# WHAT IS EXPECTED
What needs reproducing is the run of lines in the data below starting at the line with "Onko sinulla vihannesleikkuri" and ending at the line with "5月6日13時30分,由公司", both ends included. Copy it exactly, without pictures, and add nothing.

# SUPPLIED MATERIAL
--------------------------------------------------

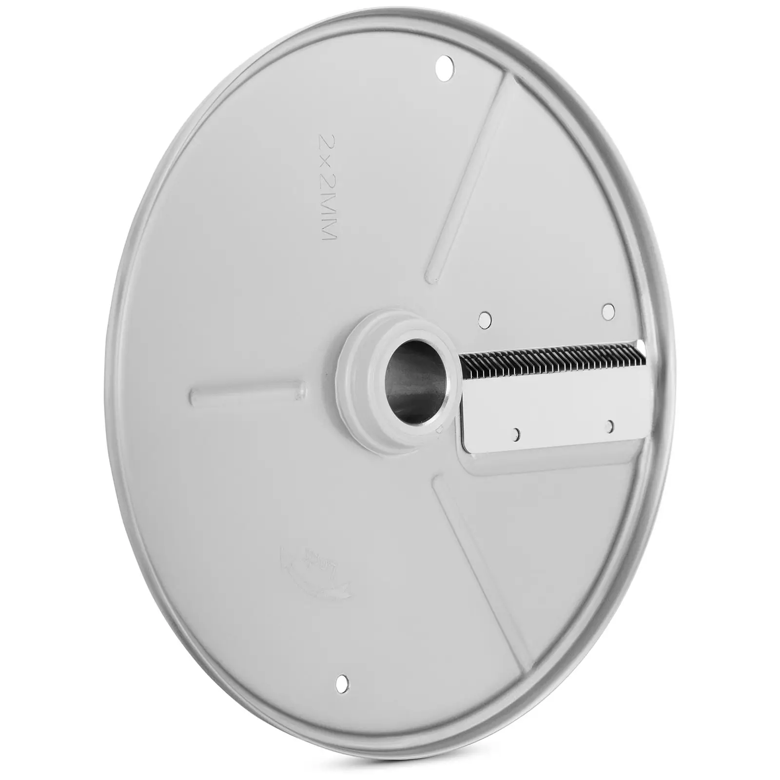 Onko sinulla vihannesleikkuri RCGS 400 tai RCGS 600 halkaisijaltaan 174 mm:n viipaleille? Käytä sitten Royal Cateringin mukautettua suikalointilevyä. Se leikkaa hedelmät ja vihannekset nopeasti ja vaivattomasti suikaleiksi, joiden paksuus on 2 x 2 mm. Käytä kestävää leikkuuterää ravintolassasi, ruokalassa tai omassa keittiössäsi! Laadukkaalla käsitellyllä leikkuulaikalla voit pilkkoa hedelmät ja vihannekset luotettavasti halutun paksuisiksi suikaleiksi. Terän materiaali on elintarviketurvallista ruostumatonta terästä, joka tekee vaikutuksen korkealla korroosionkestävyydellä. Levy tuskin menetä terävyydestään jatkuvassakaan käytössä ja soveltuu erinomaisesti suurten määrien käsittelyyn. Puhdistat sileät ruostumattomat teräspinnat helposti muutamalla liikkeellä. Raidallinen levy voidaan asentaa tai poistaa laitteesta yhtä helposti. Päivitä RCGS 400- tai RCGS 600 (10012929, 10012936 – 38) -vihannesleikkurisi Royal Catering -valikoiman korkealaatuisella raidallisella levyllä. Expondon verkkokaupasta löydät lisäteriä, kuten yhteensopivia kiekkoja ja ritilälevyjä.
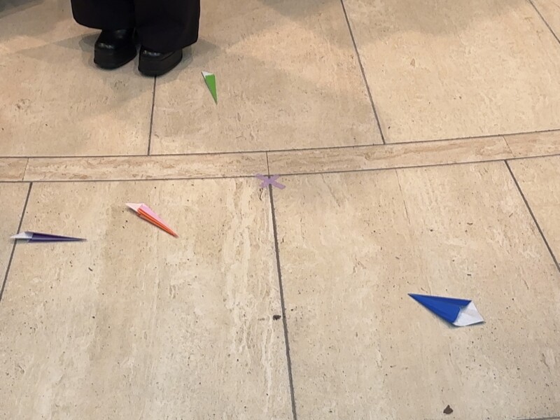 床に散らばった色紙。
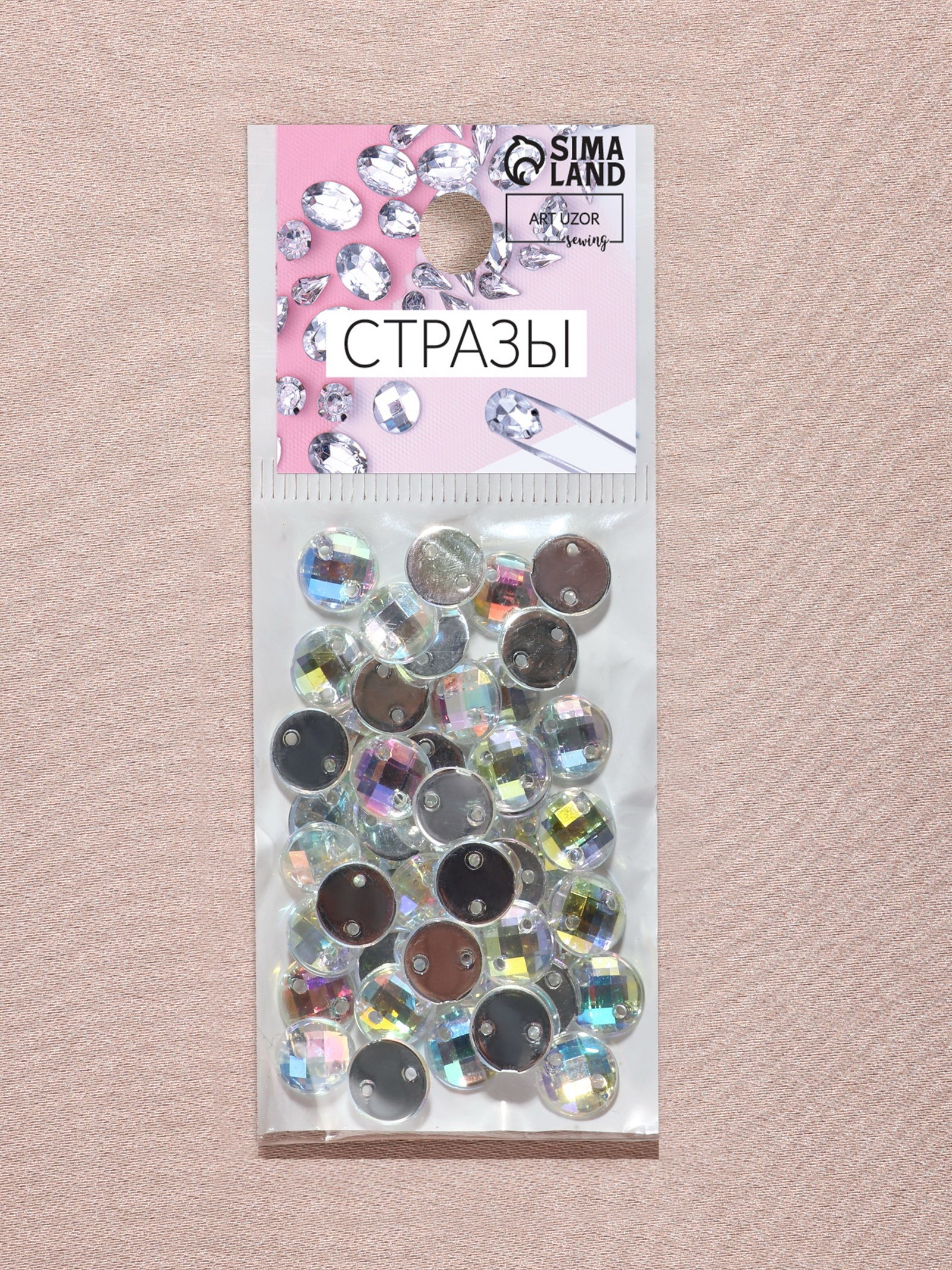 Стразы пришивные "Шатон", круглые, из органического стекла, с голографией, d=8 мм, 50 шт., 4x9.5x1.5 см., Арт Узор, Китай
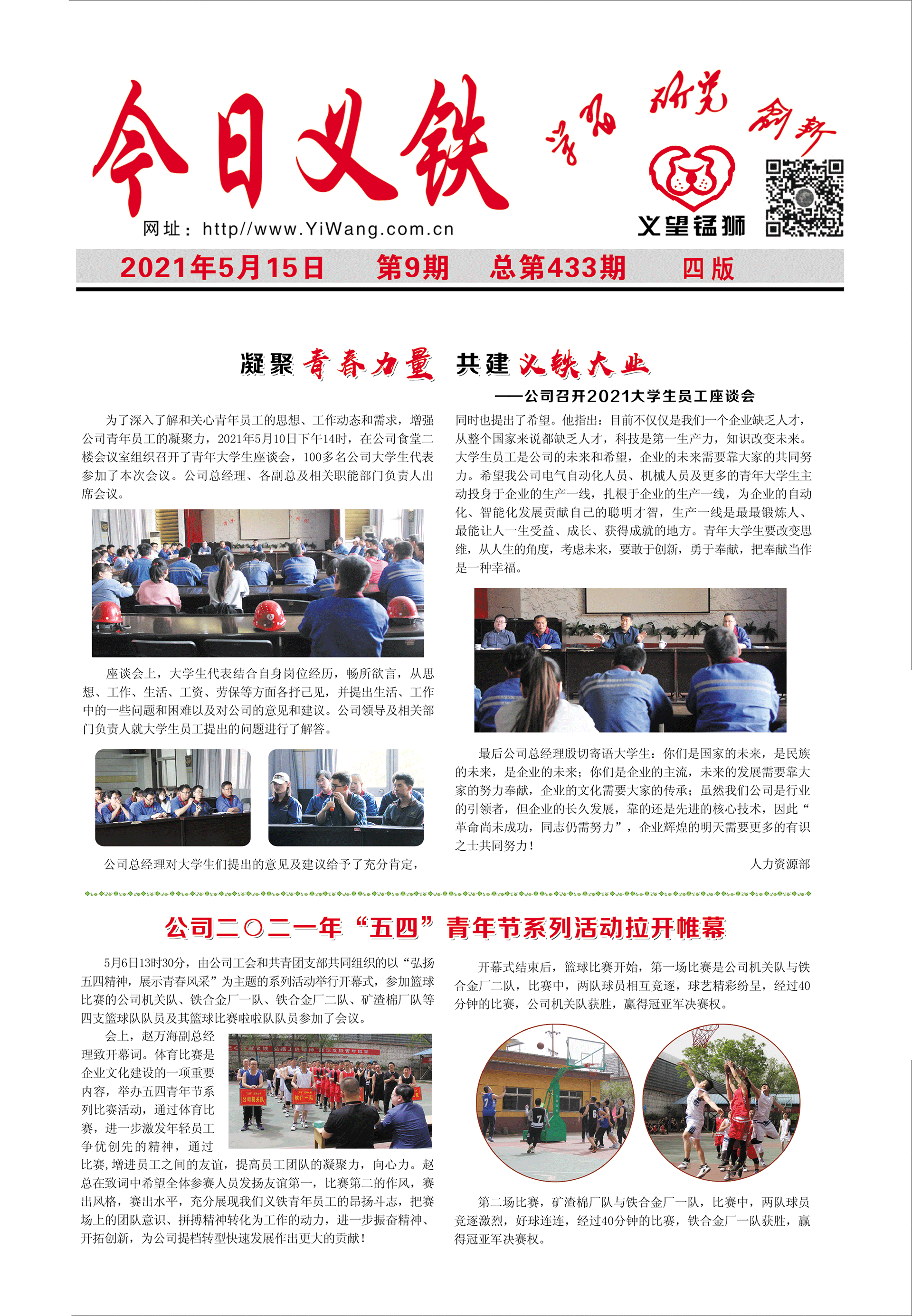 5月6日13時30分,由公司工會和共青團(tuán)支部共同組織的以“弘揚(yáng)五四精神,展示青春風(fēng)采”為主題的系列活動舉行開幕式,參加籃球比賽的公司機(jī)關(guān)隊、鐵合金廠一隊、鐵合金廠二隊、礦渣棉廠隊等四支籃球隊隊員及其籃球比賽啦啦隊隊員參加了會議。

--------------------------------------------------

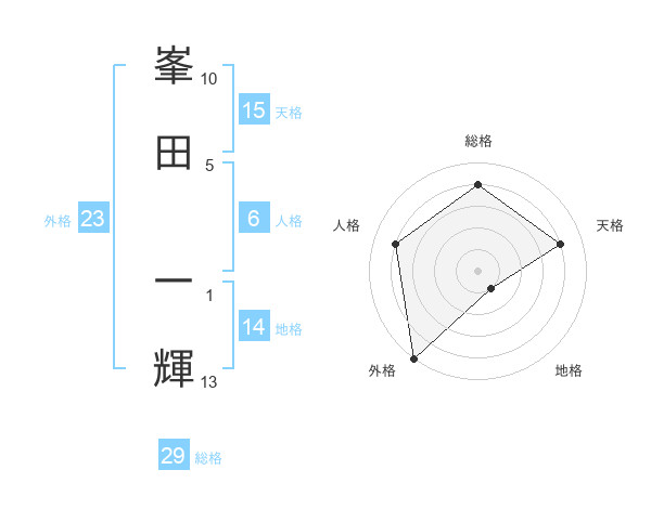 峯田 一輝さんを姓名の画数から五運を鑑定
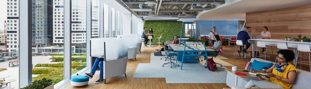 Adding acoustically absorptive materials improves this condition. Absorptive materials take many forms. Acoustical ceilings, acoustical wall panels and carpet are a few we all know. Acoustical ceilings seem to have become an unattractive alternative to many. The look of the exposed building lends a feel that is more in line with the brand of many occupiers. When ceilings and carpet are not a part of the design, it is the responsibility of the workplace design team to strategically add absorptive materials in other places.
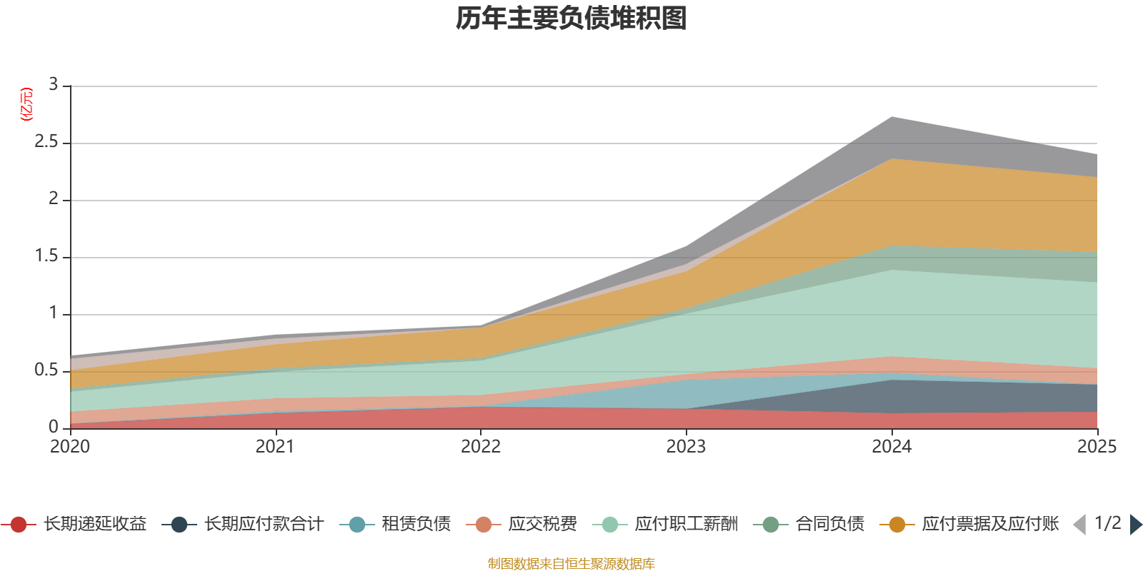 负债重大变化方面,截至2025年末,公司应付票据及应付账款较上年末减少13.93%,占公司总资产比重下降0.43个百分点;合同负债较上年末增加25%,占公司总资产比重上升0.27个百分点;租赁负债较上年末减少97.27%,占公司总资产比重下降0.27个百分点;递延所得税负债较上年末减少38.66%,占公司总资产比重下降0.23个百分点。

--------------------------------------------------

# REPLY TO THE TASK
 Onko sinulla vihannesleikkuri RCGS 400 tai RCGS 600 halkaisijaltaan 174 mm:n viipaleille? Käytä sitten Royal Cateringin mukautettua suikalointilevyä. Se leikkaa hedelmät ja vihannekset nopeasti ja vaivattomasti suikaleiksi, joiden paksuus on 2 x 2 mm. Käytä kestävää leikkuuterää ravintolassasi, ruokalassa tai omassa keittiössäsi! Laadukkaalla käsitellyllä leikkuulaikalla voit pilkkoa hedelmät ja vihannekset luotettavasti halutun paksuisiksi suikaleiksi. Terän materiaali on elintarviketurvallista ruostumatonta terästä, joka tekee vaikutuksen korkealla korroosionkestävyydellä. Levy tuskin menetä terävyydestään jatkuvassakaan käytössä ja soveltuu erinomaisesti suurten määrien käsittelyyn. Puhdistat sileät ruostumattomat teräspinnat helposti muutamalla liikkeellä. Raidallinen levy voidaan asentaa tai poistaa laitteesta yhtä helposti. Päivitä RCGS 400- tai RCGS 600 (10012929, 10012936 – 38) -vihannesleikkurisi Royal Catering -valikoiman korkealaatuisella raidallisella levyllä. Expondon verkkokaupasta löydät lisäteriä, kuten yhteensopivia kiekkoja ja ritilälevyjä.
 床に散らばった色紙。
 Стразы пришивные "Шатон", круглые, из органического стекла, с голографией, d=8 мм, 50 шт., 4x9.5x1.5 см., Арт Узор, Китай
 5月6日13時30分,由公司工會和共青團(tuán)支部共同組織的以“弘揚(yáng)五四精神,展示青春風(fēng)采”為主題的系列活動舉行開幕式,參加籃球比賽的公司機(jī)關(guān)隊、鐵合金廠一隊、鐵合金廠二隊、礦渣棉廠隊等四支籃球隊隊員及其籃球比賽啦啦隊隊員參加了會議。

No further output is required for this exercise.